President Viktor Yushchenko's reported wish to appoint the loyalist ex-prime
minister Yuriy Yekhanurov as Secretary of the National Security and Defense
Council would (if carried out) continue the tendency toward lowering the
NSDC's effectiveness and professionalism. Yushchenko set the NSDC on that
downward path by appointing personal and business allies such as Petro
Poroshenko and Anatoly Kinakh -- who, like Yekhanurov, have no background in
international or national security affairs -- as NSDC secretaries in quick
succession during 2005 and 2006. The current NSDC Acting Secretary,
Volodymyr Horbulin, could have been one of the most inspired appointments of
the Yushchenko presidency, but he cannot continue serving because he has
exceeded the mandatory retirement age.
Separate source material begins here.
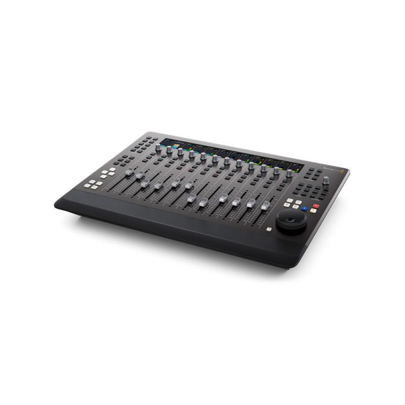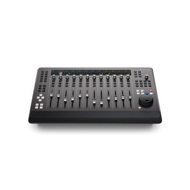 Fairlight Desktop Console is an audio mixing control surface that allows you to mix multiple tracks at once! You get a familiar mixer design with 12 motorized faders, touch sensitive encoder knobs and illuminated buttons. The faders are extremely smooth to move and provide the perfect amount of resistance, allowing subtle adjustments. The console’s controls can be used for functions including pan, solo, mute, dynamics, EQ, plug‑in parameters and more. Each channel strip LCD displays meters, panning, track name and more. An HDMI output gives you instant graphic feedback for all channels, bus and effects from the desktop console.

Horbulin, a close ally of former
president Leonid Kuchma, served with distinction in that post during the
Kuchma era, when Ukraine's cooperation with NATO advanced far more
effectively than was the case during the short-lived Orange era.
At policy conferences and strategy sessions, those disappointed with the
unfulfilled Orange promise seek to relativize the return to a two-vector
paradigm by developing what may be termed ex post facto consolation points.
Such consolation points center on the following assertions:
-- The returning prime minister Viktor Yanukovych and his Party of Regions
are "not pro-Russian"; "Ukraine is not Russia"; and "Ukraine is not going
the way of Belarus." Such arguments, while undoubtedly correct as far as
they go, would seem to set a rather low threshold for satisfaction with the
political outcome of the Orange era. "Ukraine is not Russia" is a Kuchma
motto and title of the book he published in 2004.
-- "Even Kuchma resisted Russian proposals to hand over the gas transit
system to Gazprom's control," hence the Regions-dominated government would
not do so either. While the factual assertion is correct, the corollary may
not be so. In fact, Yushchenko's energy team and the Yekhanurov government
initially set the stage for such a transfer through the RosUkrEnergo deal,
and an actual transfer of local gas distribution systems to Russian
interests began as the new government took office in August. The new
government says that it would not hand over control of the strategic transit
pipelines, however.

 -- "Having the Party of Regions in government is a preferable situation to
having that party agitate in the opposition against Ukraine's NATO
candidacy." The Verkhovna Rada did, after all, vote in August to admit
foreign troops for exercises on Ukrainian territory. While the first
argument is probably valid tactically, its strategic validity seems far from
certain. The Party of Regions is for "cooperation" with NATO but against
membership, the latter being in any case a distant possibility. The Rada did
admit British, Slovak, and Moldovan troops, as well as a Russian-commanded
naval squadron from five Black Sea riparian countries, for exercises in
August-September. However, the presidency mismanaged and the Party of
Regions sabotaged the legislative process that would have been required for
approval of far larger military exercises with American and other forces
from NATO countries in Ukraine in May through August 2006. The Verkhovna
Rada had voted the necessary authorizations for such exercises on an annual
basis since 1997 and can again be expected to do so from now onward.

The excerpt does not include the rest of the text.